AT&T (the second largest telecom company in the US by subscribers) will begin rolling out 5G services in the US starting with the cities of Austin and Indianapolis this year. Terming is “5G Evolution”, it will deliver initial speeds of 400 Mbps (40 times faster than what you’re used to now) or more. The reason they users on the initial rollout can expect speeds of up to 400 Mbps is because when fully rolled out and I mean after standardisation by the 3GPP, we should expect speeds of up to 1 Gbps which is where 5G promises to take us to.
But upgrading existing networks to cater for such speeds is expensive but AT&T says it will be embarking on a series of software upgrades in order to cut down cost while maintaining network quality. They call this Network 3.0 or Indigo and this is expected to continue after the initial launch in the cities.

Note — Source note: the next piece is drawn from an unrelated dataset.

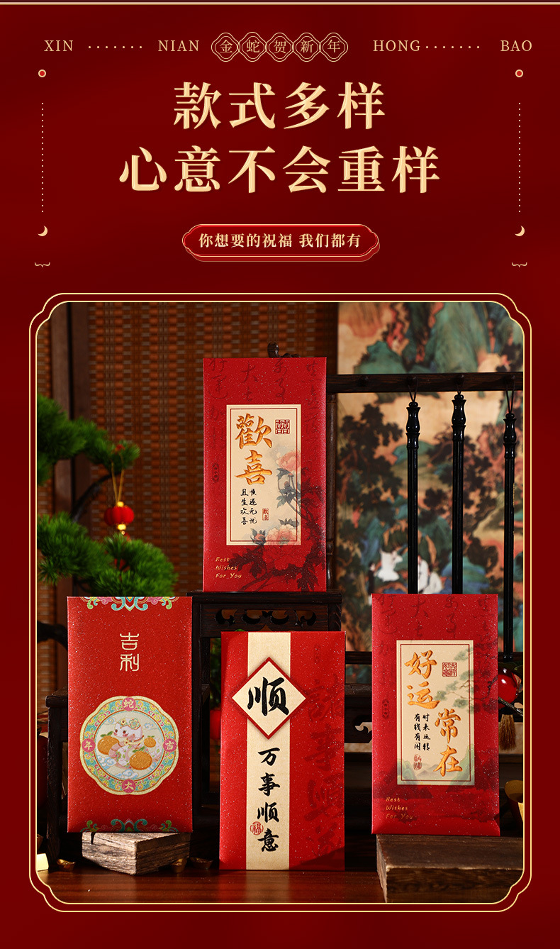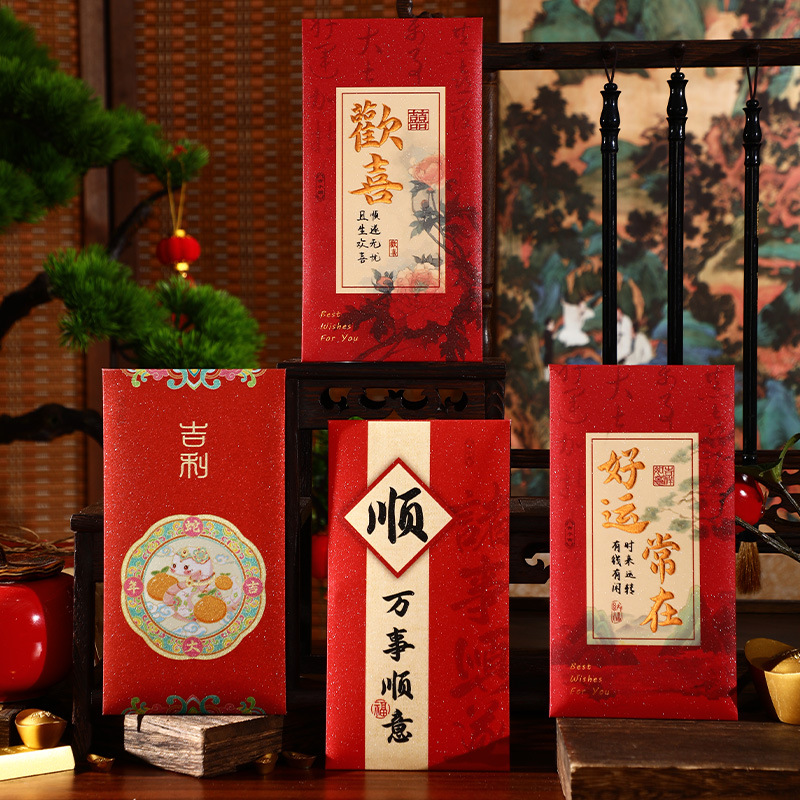 书法红包袋2025新款春节磨砂烫金新年利是封创意国潮压岁千元批发

Last November, Chinese company Huawei says it attained 11.29 Gbps total user throughput and less than 0.5 millisecond latency in its 5G test in conjunction with Japanese telco NTT DOCOMO. Samsung also successfully conducted a 5G test with China Mobile Research Institute (CMRI) in June 2016. Before then, they 940MB per second in a stationary environment or what you can call controlled environment which means in real life, it won’t be that high.

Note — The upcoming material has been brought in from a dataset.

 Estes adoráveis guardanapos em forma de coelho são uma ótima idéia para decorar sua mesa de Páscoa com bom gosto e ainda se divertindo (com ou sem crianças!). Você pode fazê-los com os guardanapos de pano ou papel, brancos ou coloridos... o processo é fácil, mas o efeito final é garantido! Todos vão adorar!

This just goes to tell you how fast we the world is moving towards 5G even though many countries haven’t been able to punch above the 50 percent coverage weight. Right now it looks like South Korea has the highest 4G pentation at 97 percent with Japan coming second at 90 percent and the United States and China at 7th and 16th positions with 81 percent and 76 percent respectively. Out of over 190 countries usually ranked when it comes to services of this nature, only 67 were rated in the last quarter of 2016 with Sri Lanka at 67 with 39 percent coverage. This means coverage is still too low in many other countries to be rated and this is a 5G challenge in developing countries.
In Nigeria, networks have started advertising 4G services but appreciation levels remain low because of shortage of 4G compliant gadgets and in addition to this, there’s the economic part of the entire equation. Put together, networks have not been encouraged enough to invest in the infrastructure needed to make this a reality in many African nations. The coverage is currently limited to cities that can bring about return on investment (ROI) and frankly speaking, they are not so many at the moment.
This has further slowed down the penetration of 4G services in Africa and now we’re talking of 5G, it might still take a while before many nations catch up with their developed counterparts.